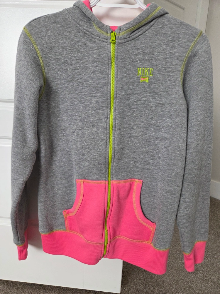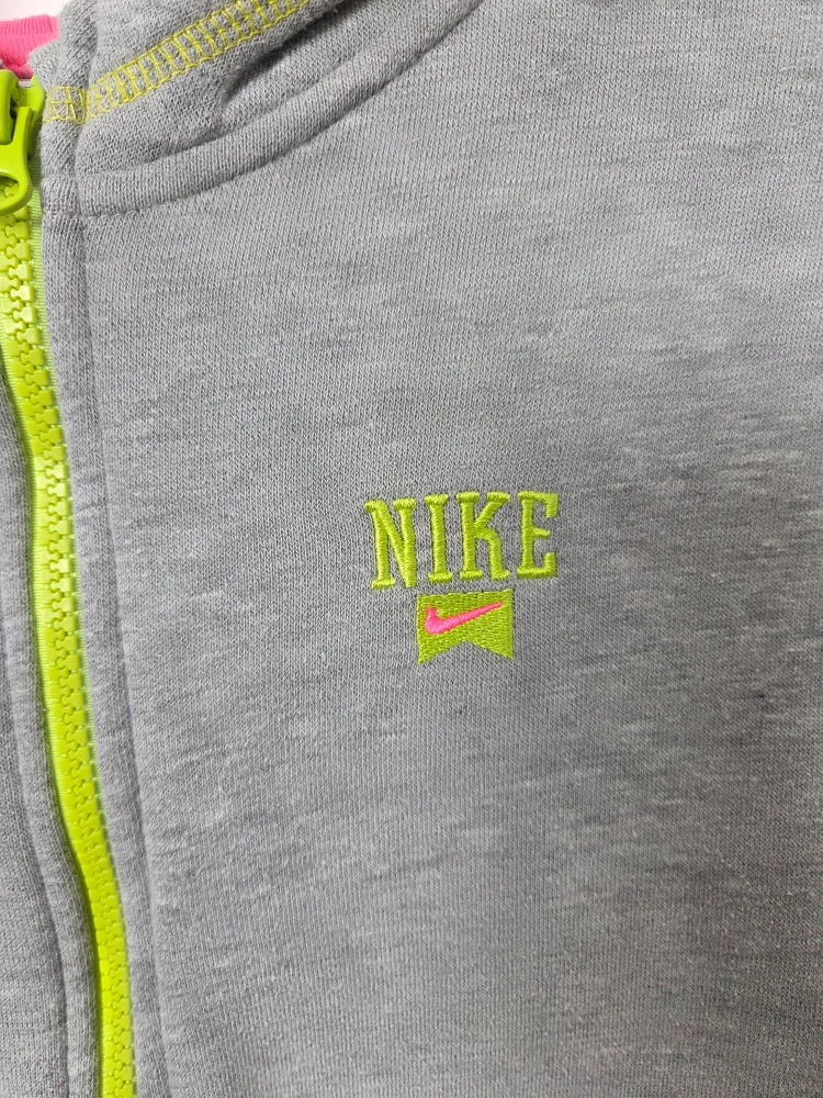 Selling a Nike zip-up hoodie in size XL. It's a grey colour with pink and lime green accents. Perfect for layering!
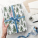 Papier Cadeau Vert Aquarelle Pine Forêt sur Blanc
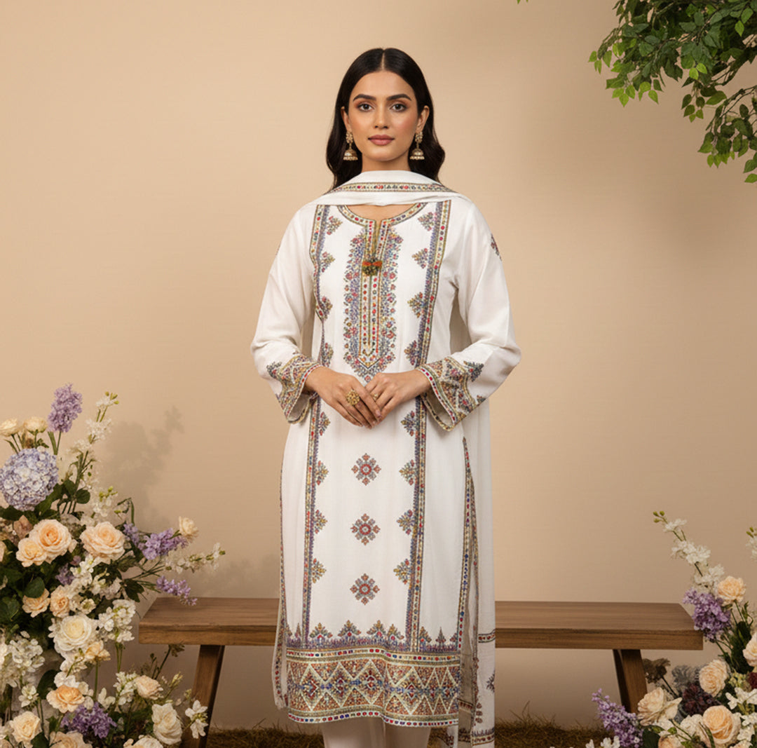 Quickshop Vibrant Floral Elegance — 3-Piece Printed Silk Suit Crafted from premium Shamoz...

#### [TASK PROMPT]
Print the material above once more, exactly. No pictures belong in it.

#### [SOLUTION TO THIS TASK]
 Selling a Nike zip-up hoodie in size XL. It's a grey colour with pink and lime green accents. Perfect for layering!
 Papier Cadeau Vert Aquarelle Pine Forêt sur Blanc
 Quickshop Vibrant Floral Elegance — 3-Piece Printed Silk Suit Crafted from premium Shamoz...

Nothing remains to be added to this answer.